Build UK: contracting practices inhibit spirit of collaboration
When Build UK issued its Contract Terms Recommendations on best contractual practices, Mark Castle, Build UK's Chairman and Deputy COO at Mace, said: "We have to face up to the fact that a confrontational, contractual and commercial approach creates myriad inefficiencies and frictions, resulting in a downward spiral of extra costs, lower margins and a further desire to shift risk in a way that is inequitable at best, and unreasonable at worst."
The recommendations identify six terms to improve collaboration, allocate risk more fairly and deliver better project outcomes. They encourage parties to avoid certain clauses relating to fitness for purpose, unquantifiable risks (for example, in relation to asbestos), specified perils, blanket indemnities for breach of contract, uncapped liabilities and performance securities.
These recommendations are not binding on Build UK members – nor could they feasibly be made so. As with all contract negotiations, the parties must collaborate and find the compromise that best suits the project and the parties' interests.
Mark Castle acknowledged it will not be simple to create the necessary "seismic shift in industry performance" to achieve Build UK's stated goals. However, the recommendations create a good starting point for contract negotiations. They might well encourage parties to be more transparent about their needs at the outset and consider carefully what would enhance the parties' working relationship rather than opening negotiations with their usual standard form amendments.

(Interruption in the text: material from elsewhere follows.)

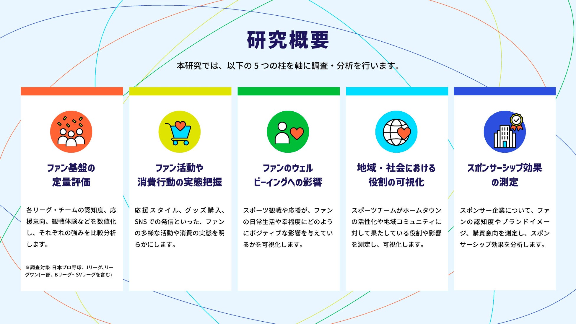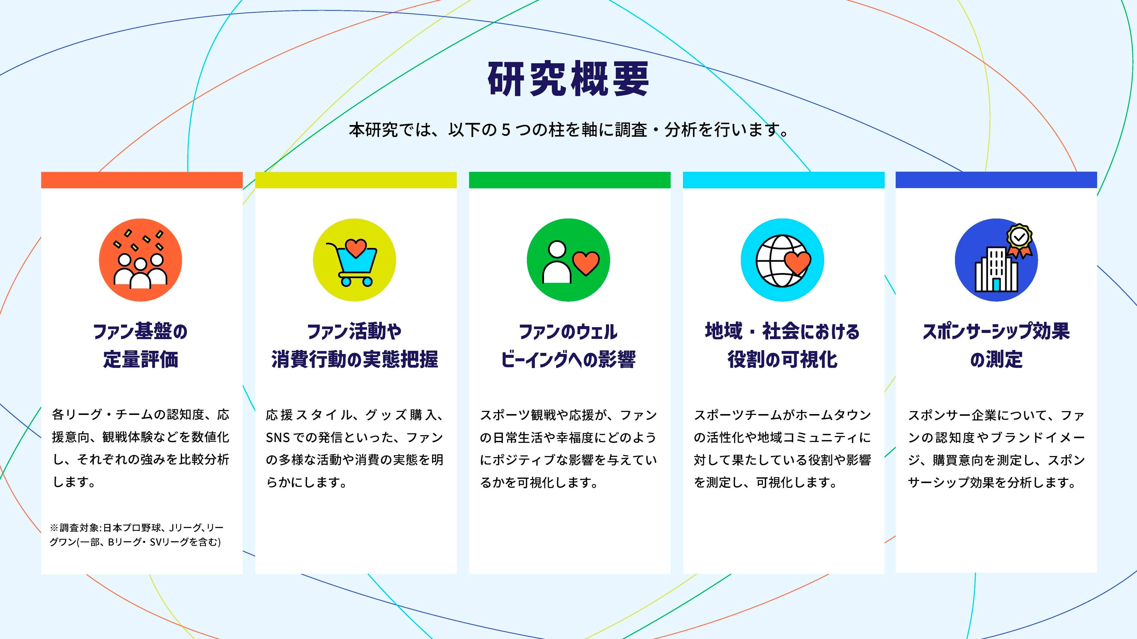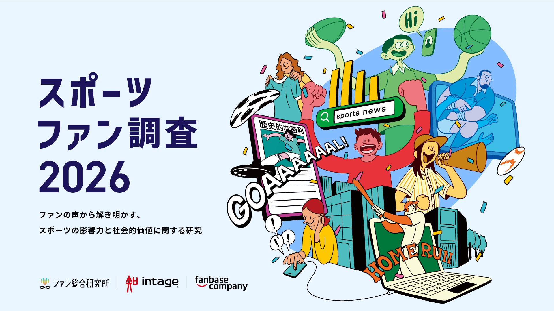 本研究は、業界最大規模のリサーチ基盤を保有する株式会社インテージ(本社:東京都千代田区)と協業し、同社の信頼性の高いデータ収集・調査ノウハウと、ファン総合研究所が持つファン心理の分析ノウハウを掛け合わせることで、スポーツの影響力と価値を定量的に可視化するものです。

Task force to improve quality and standards
"In the UK, any person or company is legally allowed to undertake construction work without having to demonstrate a minimum level of competence."
So states the home page of the newly constituted Construction Licensing Task Force. Charged by the government with improving quality and standards and to address the construction industry's poor reputation, the task force is headed up by Liz Peace. It will develop a compulsory licensing scheme for construction. The benefits to which they aspire include:
- remove incompetent and rogue traders from the industry;
- offer a much higher level of consumer protection;
- increase construction output to boost the wider economy;
- drive up quality, professionalism and productivity;
- improve health and safety compliance; and
- improve the image of the industry.
The establishment of the task force follows the research carried out by the Federation of Master Builders (see "Licence to Build: A pathway to licensing UK construction".